Das Berufungsgericht hat das jugoslawische Gesetz vom 15. (25. ?) August 1945 ausdrücklich festgestellt. Hiergegen sind, wie gegen die übrigen tatsächlichen Feststellungen des Berufungsgerichts, Revisionsrügen nicht erhoben worden, so daß es nur auf die Anwendung des Gesetzes auf den festgestellten Tatbestand ankommt.

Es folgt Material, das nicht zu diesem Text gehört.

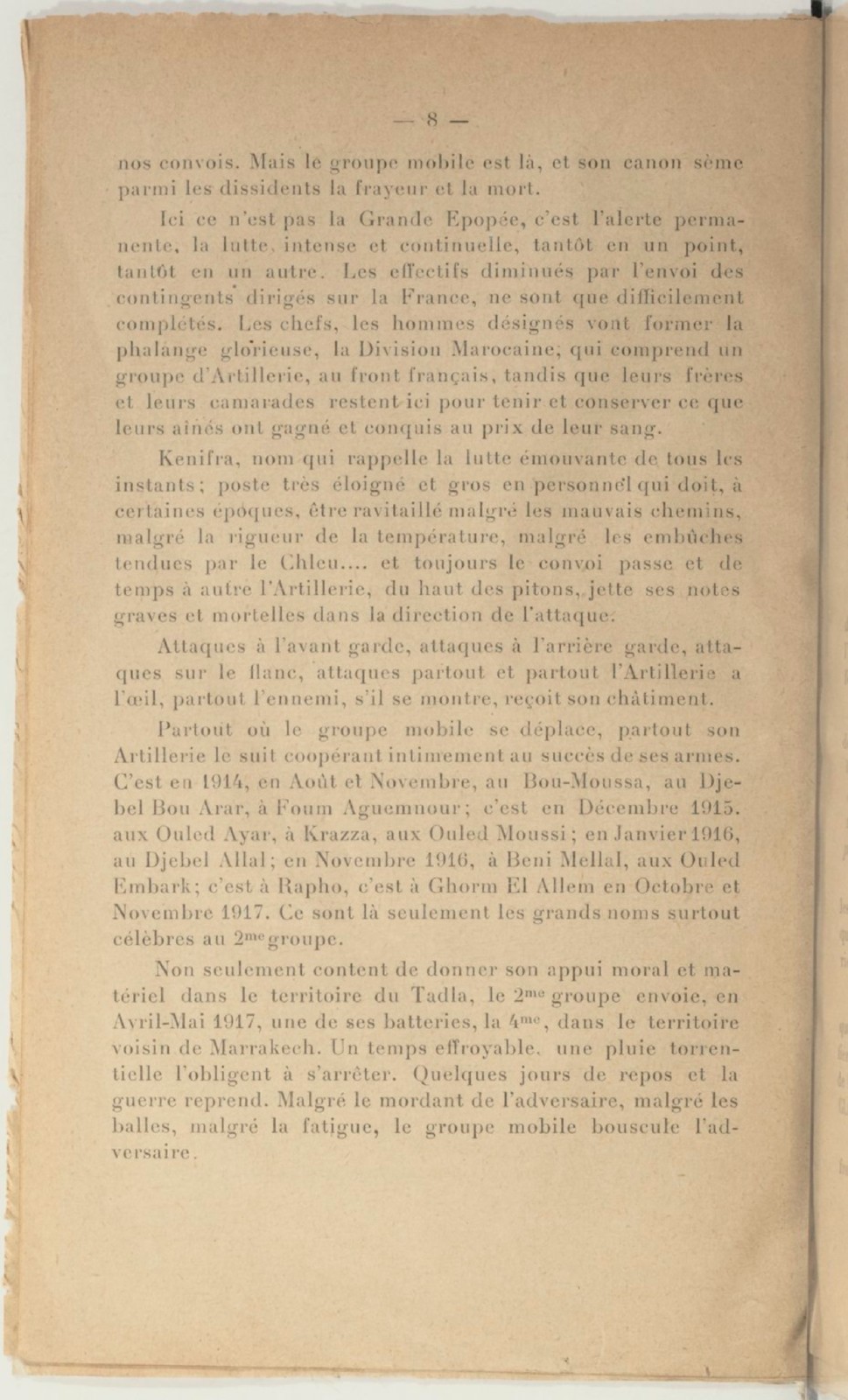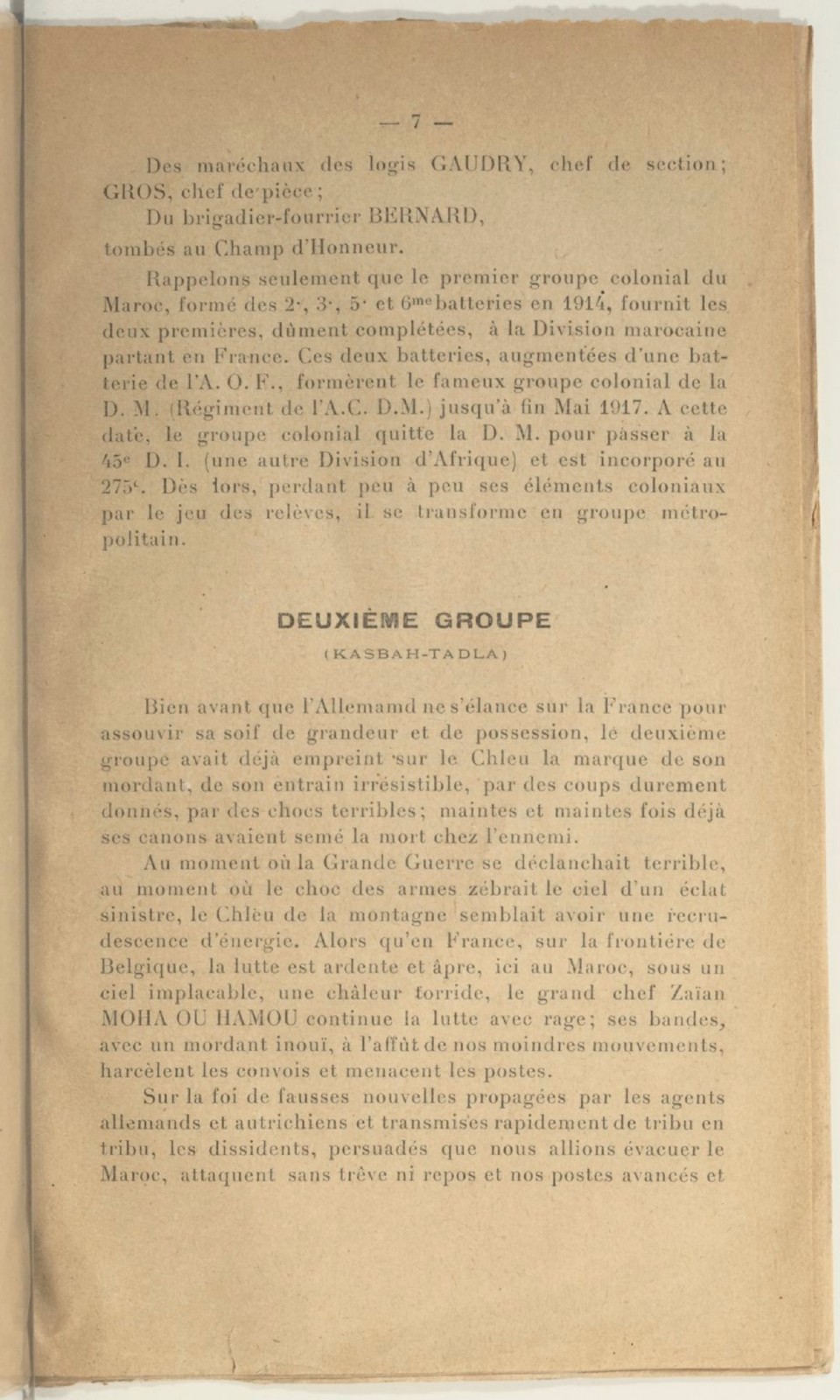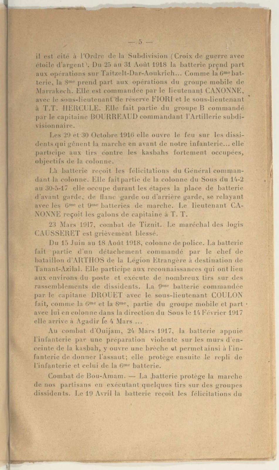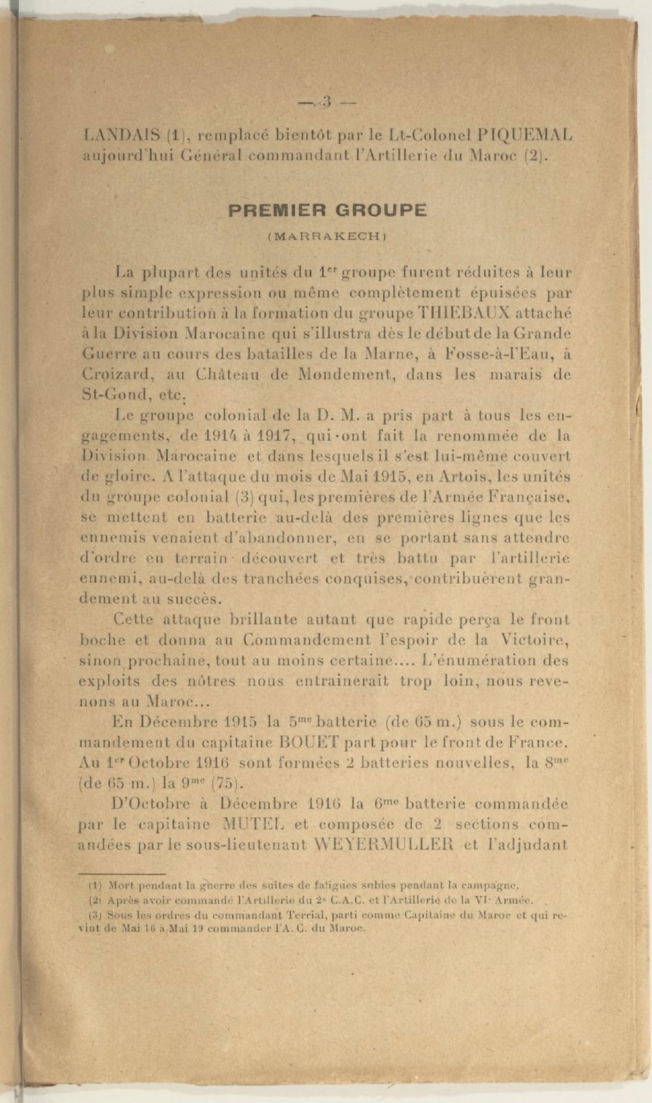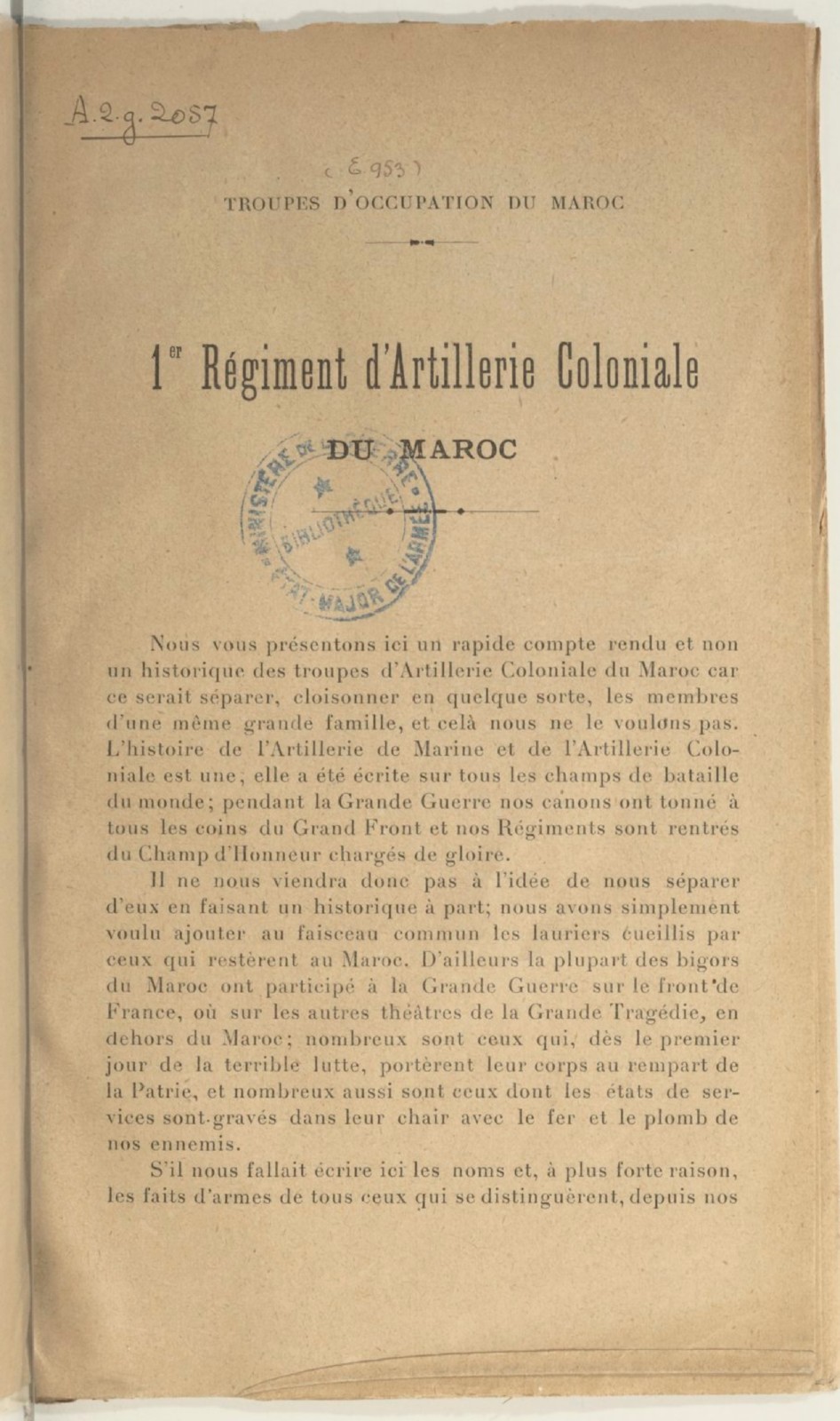 Historique des Troupes de l'Artillerie Coloniale du Maroc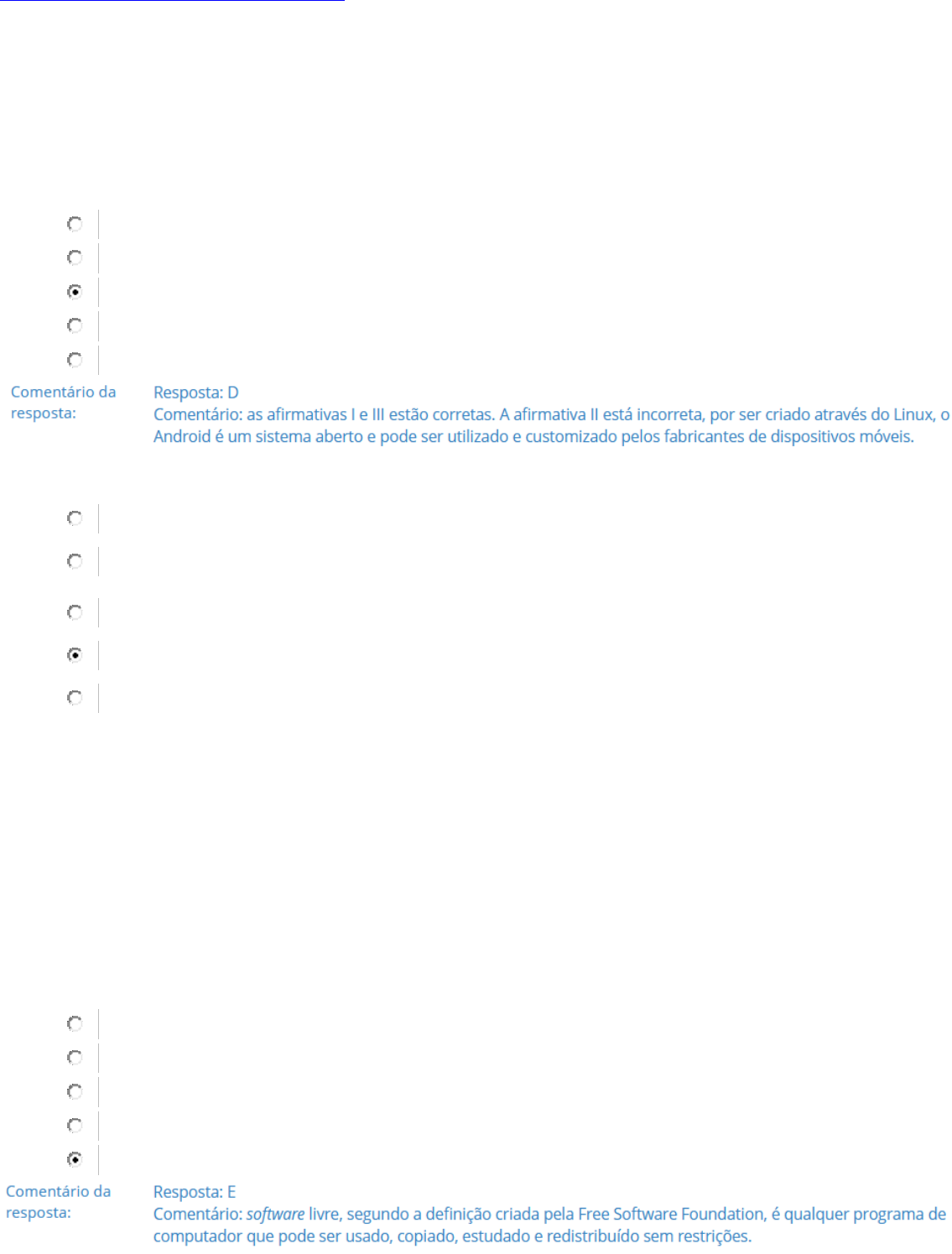 SISTEMAS OPERACIONAIS ABERTOS E MOBILE QUESTIONÁRIO UNIDADE I Pergunta 1 1. Sobre o sistema operacional Android, considere as seguintes afirmativas: I. Foi desenvolvido com base no kernel do sistema Linux. II. É de uso exclusivo de dispositivos da Google. III. É utilizado por diversos fabricantes e diferentes tipos de dispositivos móveis como smartphones, smart TVs e tablets. É correto o que se afirma em: a. I, apenas. b. III, apenas. c. I e II, apenas. d. I e III, apenas. e. I, II e III. Pergunta 2 1. Sobre o sistema iOS, utilizado no Iphone, assinale a alternativa correta. a. O sistema operacional iOS foi construído baseado em Kernel do Linux. b. Diversos fabricantes de dispositivos móveis como Samsung, Motorola e Xiaomi utilizam o sistema iOS. c. Existem comunidades de desenvolvedores independentes que aperfeiçoam o sistema iOS e não são funcionários ou terceirizados da Apple. d. O sistema iOS utilizou como base o sistema operacional de PC e notebooks da Apple, Mac OS. e. A Apple desenvolveu um sistema totalmente novo para o iPhone, sem reaproveitamento de outros sistemas operacionais. 0,25 pontos Pergunta 3 1. O instrumento para garantir que o GNU/Linux fosse mantido sempre aberto consistiu em um contrato jurídico, chamado de GNU GPL (GNU General Public License ou Licença Pública do GNU). Por meio da GNU GPL foram estabelecidos os quatro pilares básicos do software livre. Esses pilares consistem em quatro liberdades fundamentais que definem se um software é livre ou não. São elas: • Liberdade 0: a liberdade de executar o programa como você desejar, para qualquer propósito. • Liberdade 1: a liberdade de estudar como o programa funciona e adaptá-lo às suas necessidades. • Liberdade 2: a liberdade de redistribuir cópias de modo que você possa ajudar ao próximo. • Liberdade 3: a liberdade de distribuir cópias de suas versões modificadas a outros. Assinale a alternativa que contém a definição de software livre. a. É aquele que possui restrições em relação ao seu uso, contudo pode ser redistribuído. b. Modelo de construção de software em que se cobra pelo direito de uso das licenças distribuídas. c. Todo aquele que você pode utilizar, mas não tem acesso ao seu código-fonte. d. Seu modelo de licenciamento é o Copyright, que significa distribuir cópias sem restrição. e. Aquele que pode ser usado, copiado, estudado, modificado e redistribuído sem restrição. Pergunta 4 1. Em qual camada do sistema operacional iOS são inseridas as tecnologias gráficas, de áudio, de vídeo e animações? https://ava.ead.unip.br/webapps/blackboard/execute/courseMain?course_id=_315446_1 a. Camada Kernel. b. Camada Coccoa Touch. c. Camada Media. d. Camada Core Services. e. Camada Core OS. Pergunta 5 1. Considere as seguintes afirmações: I. Qualquer software que não cobre pela licença é um software livre. II. Um dos requisitos fundamentais do software livre é acesso ao código-fonte. III. Após a alteração e a distribuição de um software de código livre, é possível licenciar o software com Copyright. É correto o que se afirma em: a. I, apenas. b. II, apenas. c. I e II, apenas. d. I e III, apenas. e. I, II e III. Pergunta 6 1. Os primeiros smartphones tinham uma capacidade de memória mais limitada e utilizavam a máquina virtual Dalvik. Sobre a máquina Dalvik, assinale a alternativa correta. a. Essa máquina possui um altíssimo consumo de bateria. b. A máquina roda os arquivos com extensão .exe. c. Para executar um aplicativo, este deve ser carregado totalmente na memória. d. A compilação do aplicativo ocorre no momento da instalação dele no smartphone. e. O aplicativo não é carregado de uma vez na memória e sua compilação ocorre em tempo de execução. Pergunta 7 1. Em relação ao desenvolvimento do sistema operacional Android, considere as seguintes afirmativas: I. O desenvolvimento é feito exclusivamente pelo Google. II. O Android é projetado pela Open Handset Alliance, consórcio de empresas de tecnologia. III. Para smartphones, o Sistema Operacional Android é exclusivo para a Samsung e LG. É correto o que se afirma em: a. I, apenas. b. II, apenas. c. III, apenas. d. I e III, apenas. e. II e III, apenas Pergunta 8 1. Com a popularização dos smartphones, os aplicativos vêm ganhando um papel importante na vida das pessoas, auxiliando em questões financeiras, na comunicação e até mesmo na organização pessoal. Uma profissão que surgiu desde o fim da década dos anos 2000 é o desenvolvedor de aplicativo. Assinale a alternativa correta. a. Em um aplicativo desenvolvido para Android são utilizados os mesmos recursos de um aplicativo desenvolvido para iOS. b. Não é necessário alterar um aplicativo Android que funciona em dispositivos diferentes como um smartphone, um tablet ou uma smart TV. c. As lojas de aplicativos somente possuem aplicativos pagos para ter receitas adicionais. d. Os desenvolvedores criam aplicativos a partir de APIs fornecidas pelo Android e iOS e os aplicativos são colocados nas lojas de aplicativos. e. As empresas detentoras dos sistemas operacionais móveis decidiram que todos os aplicativos deveriam ser implementados por funcionários contratados por elas. Pergunta 9 1. Uma das camadas do sistema operacional iOS é a camada Media, que é considerada pela Apple uma das camadas mais importantes do sistema operacional visando oferecer uma melhor experiência ao usuário. Qual a função dessa camada? a. Representa o kernel do sistema operacional iOS. b. Possui as tecnologias de gráfico, áudio e vídeo no dispositivo, permitindo a fácil implementação de aplicativos multimídia. c. Realiza a compilação de um aplicativo e a instalação deste no iOS. d. Implementa a comunicação com os dispositivos de entrada/saída do smartphone. e. Possui os principais frameworks utilizados para implementação de aplicações como o serviço de notificação Apple Push e o gerenciamento de processos.

Das LSG hat hier nicht die Auslieferung allein, obwohl sie gegen das deutsche Gesetz verstoßen hat, als eine besondere Gefahr im Sinne des § 5 Abs. 1 Buchst. d BVG angesehen, sondern nur im Zusammenhang mit der Durchführung des kriegsgerichtlichen Verfahrens auf Grund einer nachträglichen Strafandrohung und der Vollstreckung der Todesstrafe auf Grund des gleichen Gesetzes. Damit befindet sich die Vorinstanz in Übereinstimmung mit dem von ihr angezogenen Urteil des BSG vom 28. September 1961, dem sich der Senat anschließt. Es kommt entsprechend dieser Entscheidung des BSG, den beiden anderen bereits zitierten Urteilen und dem Urteil des Senats vom 13. Februar 1964 (8 RV 1133/61) darauf an, ob die vom LSG festgestellten Straftaten im Jahre 1946 die Verhängung der Todesstrafe nach deutschem Recht gerechtfertigt hätten. Diese Frage ist hier zu verneinen. Irgendwelche persönlichen Ausschreitungen oder gar einen Mord hat das Berufungsgericht nicht festgestellt. Lediglich die Beteiligung des Ehemannes der Klägerin zu 1) als Beisitzer an einem Standgericht, durch welches zwei Todesurteile verhängt worden sind, hat sich feststellen lassen. Ob das Verfahren dieses Standgerichts bedenklich gewesen ist, läßt sich nicht nachprüfen. Jedenfalls aber hat das Berufungsgericht zutreffend erwogen, daß der Vorsitzende dieses Standgerichts im Jahre 1953 nicht nur wegen dieser Tätigkeit, sondern wegen seines gesamten dienstlichen und außerdienstlichen Verhaltens - darunter der Beihilfe zum Mord (Tötung von etwa 4000 jüdischen Frauen und Kindern) und wegen Totschlags in zwei Fällen - zu einer Gesamtstrafe von sechs Jahren und sechs Monaten Zuchthaus verurteilt worden ist. Wenn schon diese Straftaten mit einer zeitlichen und nicht etwa lebenslänglichen Freiheitsstrafe geahndet worden sind, so konnte das Berufungsgericht ohne Rechtsverstoß folgern, daß wegen der weit geringeren Straftaten, welche dem Ehemann der Klägerin zu 1) nachgewiesen werden konnten, die Verhängung der Todesstrafe im Jahre 1946 und ihre Vollstreckung im Januar 1947 nicht als gerechtfertigt, sondern zusammen mit der rechtswidrigen Auslieferung als eine besondere Gefahr im Sinne des § 5 Abs. 1 Buchst. d BVG anzusehen sind.
Da sonach das angefochtene Urteil richtig ist, mußte die Revision des Beklagten zurückgewiesen werden.
Die Entscheidung über die Kosten beruht auf § 193 Abs. 1 SGG.